Indeed, the different perspectives can be traced back to the founders of the subject. However, the tenets of the theories developed by the two giants are different. Boltzmann’s theory has a clear goal: to provide the classical thermodynamics with a Newtonian mechanical foundation. The first order business is therefore to establish the mechanical origin for the notions of entropy. He accomplished this with the celebrated formula S = kB logW, where W stands for Wahrscheinlichkeit. Gibbs’ theory, on the other hand, is open-ended—after showing a consistency with all classical thermodynamic theory via a mathematical limit, Gibbs’ theory—which accepts the empirical nature of temperature and the concept of statistical ensembles—has been applied to a vast number of systems with ever smaller scales. In the past two decades in biophysics, it has been the workhorse in understanding laboratory measurements on single biological macromolecules in aqueous solutions [2].
On the other hand, the analytic tool that has contributed the most to a precise understanding of all phenomena associated with disorder, chaos, fluctuations, randomness, heterogeneities, etc. is the mathematical theory of “heat” in terms of a heat equation [3] which Einstein used brilliantly, and later the theory of probability whose official year of conception was 1933 [4]—many decades after the work of Boltzmann and Gibbs, but only a decade before E. Schrödinger’s call for attention to the statistical laws of nature [5] and for a understanding of biological systems in terms of neg-entropy [6].

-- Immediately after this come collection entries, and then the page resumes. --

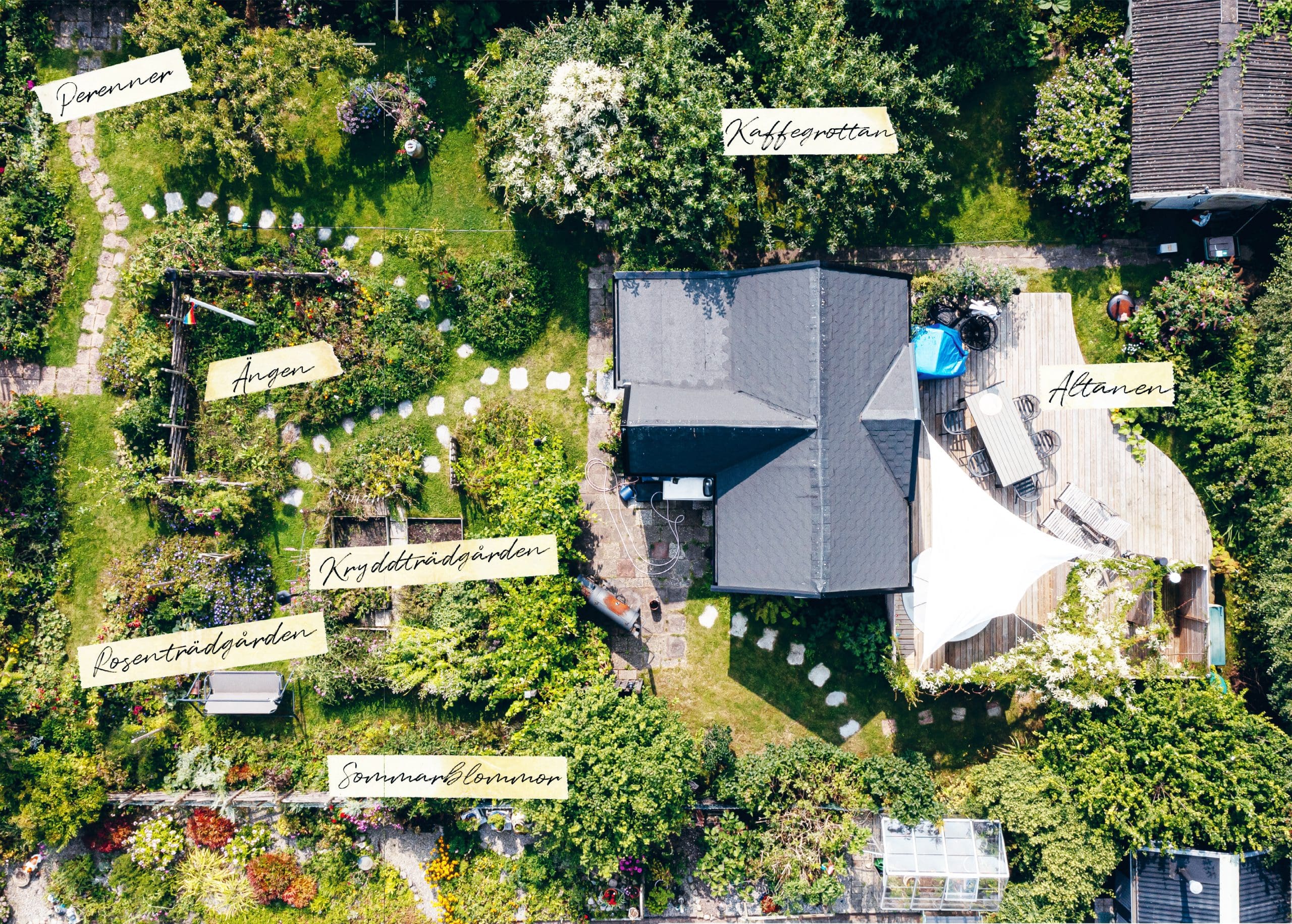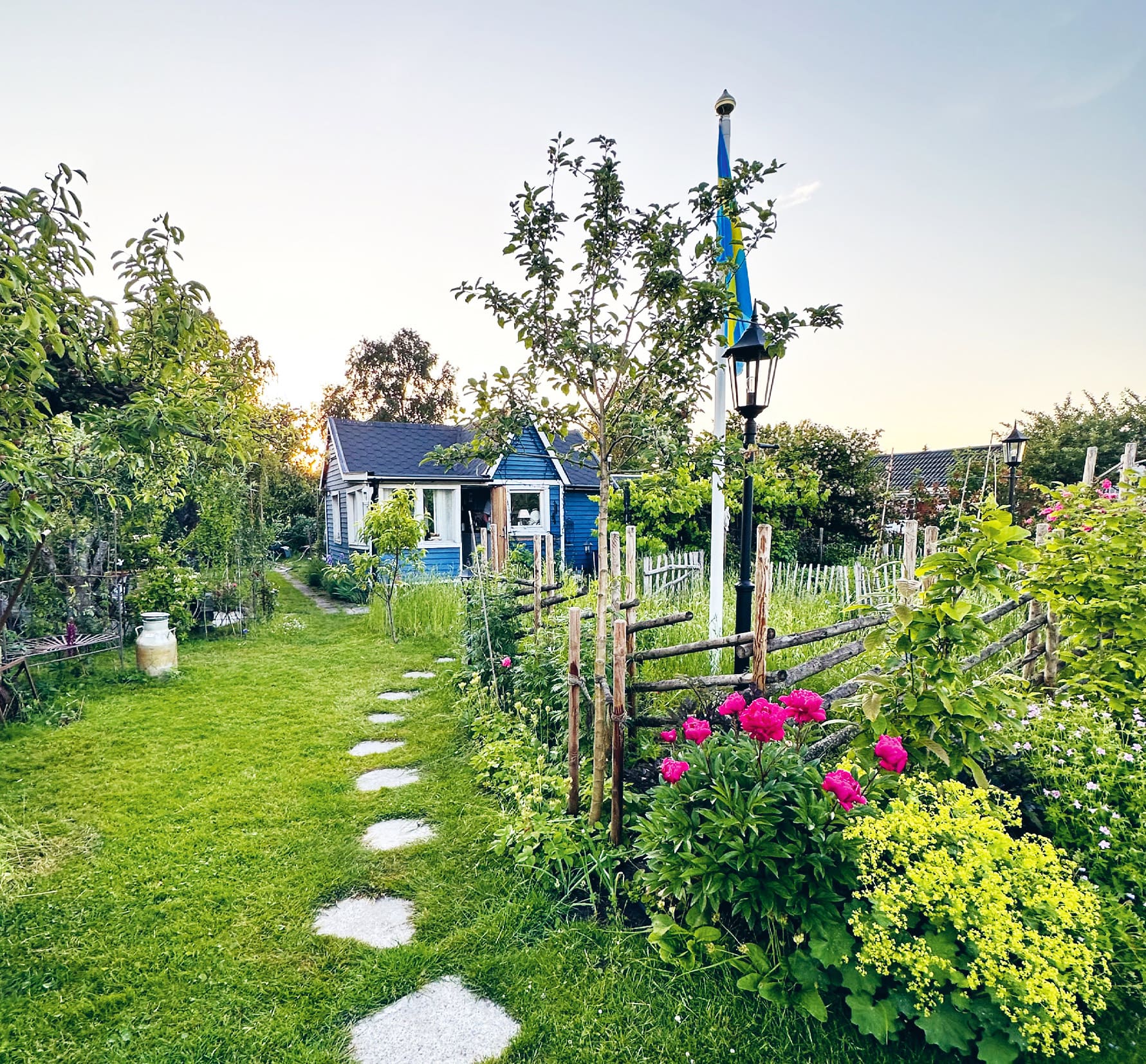 Idag är kolonin en grönskande oas med plats för både arbete och vila. På de 500 kvadratmetrarna samsas en väldoftande rosenträdgård med en blomstrande äng och en solig altan med kryddträdgård alldeles intill. För Rickard, som gärna unnar sig en fika, finns här också en självklar skånsk specialitet – en kaffegrotta!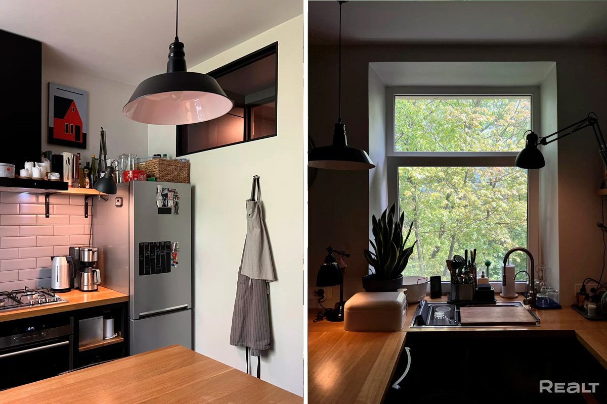 В кухне над рабочей зоной — окно, из которого виден зеленый двор. В качестве стола — широкая барная стойка, которая выступает продолжением столешницы.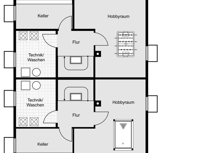 Das Untergeschoss umfasst drei Kellerräume, darunter eine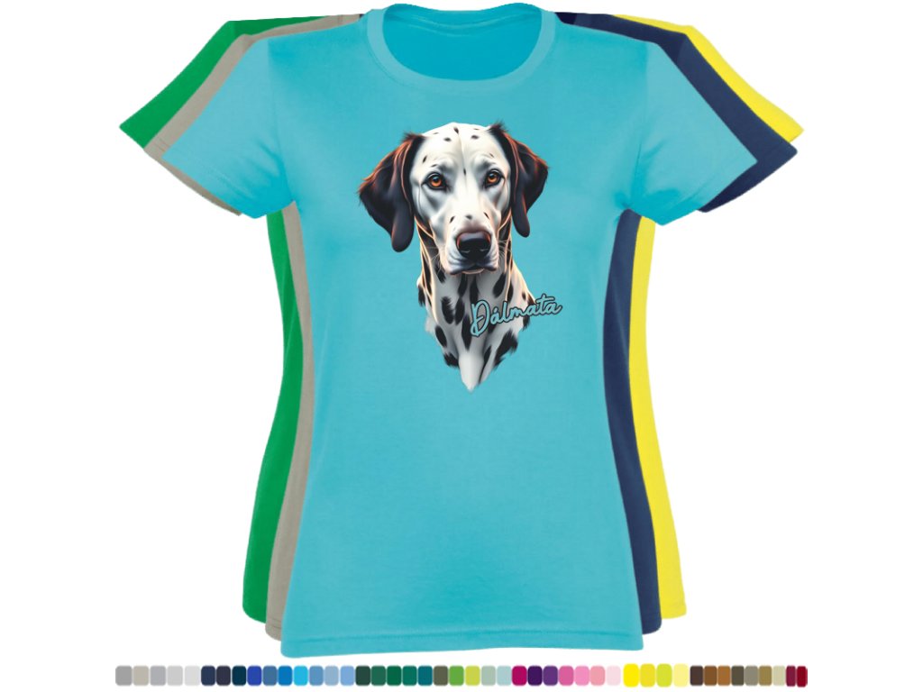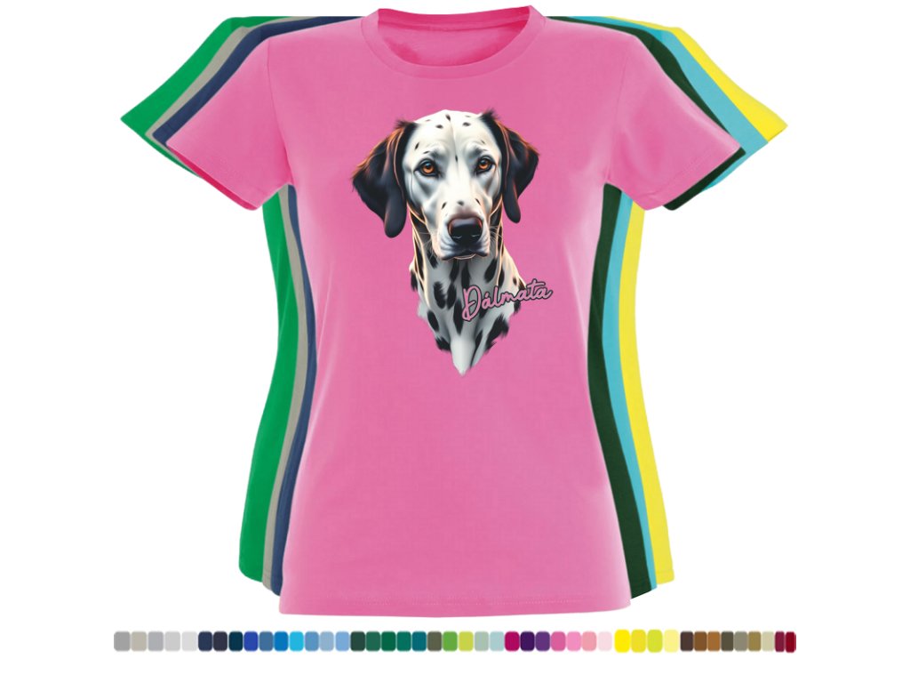 DÁMSKÉ LEVNÉ BAVLNĚNÉ TRIČKO S DIGITÁLNÍM POTISKEM PSA DALMATIN

Through the work of L. Onsager on irreversible processes with the conception of thermodynamic forces and fluxes, the Brussels–Dutch school of thermodynamics and the formalization of entropy production, and the recent development in fluctuation theorems and equalities in stochastic processes, Schrödinger’s neg-entropy and its fundamental roles in biochemical systems and cellular functions have been firmly established and nonequilibrium stochastic thermodynamics has found many applications in biology [7].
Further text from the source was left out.